Verdict Steinberg is a much better writer, unless you want 20 data-heavy articles in 10 minutes.

The painting test

A laptop wants me to smile. “It’s in a good mood,” Simon Colton says. He knows because he’s the scientist who programmed it. We are in the Science Museum in London, where the Painting Fool, as it is called, is giving a public demonstration. It’s important that I don’t show my teeth, Colton says, because something about the light makes them look green to the Painting Fool.

From my toothless smile the laptop creates a “conception” of what it would like to paint, based on its mood. The mood comes from a “sentiment analysis” of recent Guardian articles, as it happens (on average reading the Guardian is a downer, apparently, apart from the stuff about gardening). Yesterday the Fool was in such a bad mood that it sent someone away unpainted; today it is feeling “positive”.
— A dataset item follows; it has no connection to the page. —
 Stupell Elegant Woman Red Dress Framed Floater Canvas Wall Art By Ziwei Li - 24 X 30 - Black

Next the Fool attempts to paint with a simulated brush and a simulated hand (actually, an image of Colton’s hand) on the screen behind me. It learned to reflect its mood from the work of Dan Ventura, another computer scientist, at Brigham Young University in Utah, who trained a neural network to recognise the emotional attributes of images by sitting thousands of people in front of tens of thousands of paintings and asking them to tag each one with whatever adjectives came to mind. The Fool now knows that bright colours reflect a good mood, and “pencils with tight hatching” create a picture that is “cold”. When it is done, it prints out a page with a typed self-critique. “Overall, this is quite a bright portrait,” it says. “That’s OK, but my style has lowered the level of bright here. So I’m a bit annoyed about that.”

Here along with us, intrigued but too busy at her easel to watch, is Sarah Jane Moon, an artist who exhibits with the Royal Society of Portrait Painters. She doesn’t want to see my teeth, either. “We paint from life,” she says, “and you can’t hold a smile for sitting upon sitting. That’s why all the traditional portraits show quite relaxed features.”
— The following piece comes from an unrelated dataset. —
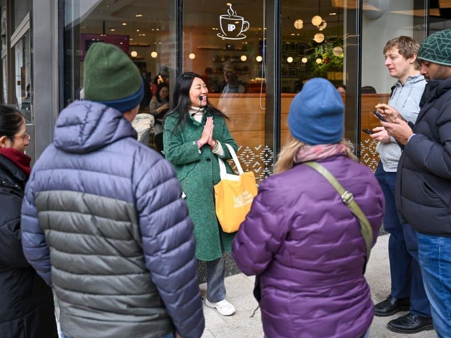北京站候车大厅,旅客排队领“福”字,孙楚泊现场献艺

The Painting Fool is a special machine, and even slightly famous, but I can’t deny that Moon is almost all of why I’m excited to be here. The feeling of being painted by a real person, having them look at you and think about you, is exciting and flattering. Sentiment analysis and training data, on the other hand, don’t add up to anything whose view of me I care about, and the finished portraits do not change my mind. Moon’s is a lovely, real thing, which feels straight away like one person seen by another. The Fool’s three efforts have qualities I like, but mostly they look like photographs that have gone through some kind of software filter. Colton insists the Fool is here “to learn to be better” but I look and think: so what?

Leo Benedictus as seen by Sarah Jane Moon…
…and as imagined by the Painting Fool laptop. Photograph: Murray Ballard

Then I think some more. For one thing, it turns out that art is more mechanical than I’d realised. “I try to look at Leo as an abstract set of shapes, forms, colours, tones,” Moon tells Colton, “to get away from the fact that that’s a nose. Because when you start to do that, you get caught up in what you think looks like a nose.”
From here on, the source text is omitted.